The parrot that uses statistics: the kea

Animals are unlikely to analyze probabilities. Statistical inferences are only attributed to humans (and some apes). But there is also the Nestor notabilis, a bird better known in New Zealand as kea. This is a psittaciform species of the parrot family. He is able to understand the probabilities and decide based on them. It is the conclusion that emerges from the study entitled Kea show three signatures of domain-general statistical inference carried out by scientists from the University of Auckand. It is published this week in the specialized journal Nature Communications. The finding is the first to show the ability of statistical inference of any animal outside the group of great apes. And he introduces Kea, the parrot that uses statistics.

The parrot that uses statistics: we introduce kea.
The parrot that uses statistics: we introduce kea.

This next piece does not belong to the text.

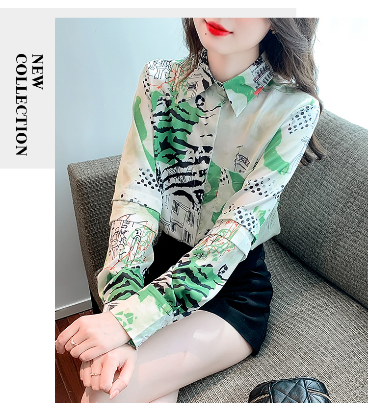 RM22667#新款时尚个性印花真丝衬衫设计感别致丝缎垂感衬衣
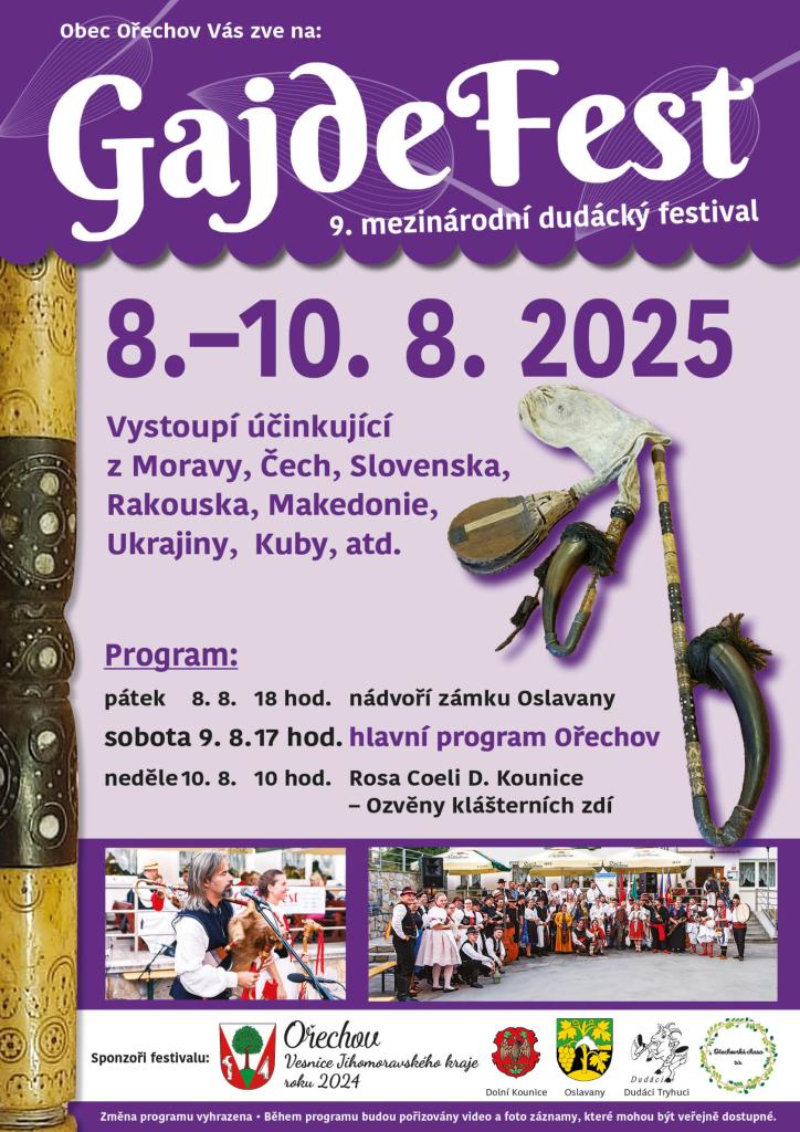Obec Ořechov srdečně zve na 9. ročník mezinárodního dudáckého festivalu GajdeFest, který se uskuteční ve dnech 8.–10. srpna 2025.

Experimenting with probabilities

They wanted to demonstrate the kea's ability to discriminate statistically between two options. Amalia Bastosy Alex Taylor, authors of the study, conducted a series of experiments. They were designed to verify that these birds had several criteria for statistical understanding based on previous studies conducted with primates and human babies. Thus, the researchers trained six keas. They were called Blofeld, Bruce, Loki, Neo, Plankton and Taz. They should associate the black color of a series of chips with a reward and the color orange with the absence of it. The authors varied the relative frequencies of the orange and black chips in two transparent jars. They offered the keas the choice between both jars, hiding the reward they would give the birds.

The authors discovered that kea preferred the jars in which a higher relative frequency of black chips was observed. Then the scientists placed a horizontal barrier that hid part of the jar. Thus, they changed the fraction of rewards tokens accessible above this barrier. The kea detected this physical restriction and re-selected the bottle that contained a higher proportion of gratifying chips. It was confirmed in a third experiment. Kea also preferred to select the files of one of the scientists who had previously demonstrated a "bias" to offer a larger fraction of gratifying tokens.

It is the first time that the analytical capacity of this bird is checked.
It is the first time that the analytical capacity of this bird is checked.
Like apes and humans

Prior to this experiment, a bird never demonstrated that aptitude. And no other animals, except the great apes. The kea, the parrot that uses statistics and decides based on it, is exceptional. Showing this type of higher order complex cognitive process in a bird opens a new door. It helps us understand the evolutionary history that has led great apes to understand probability and make decisions based on statistics.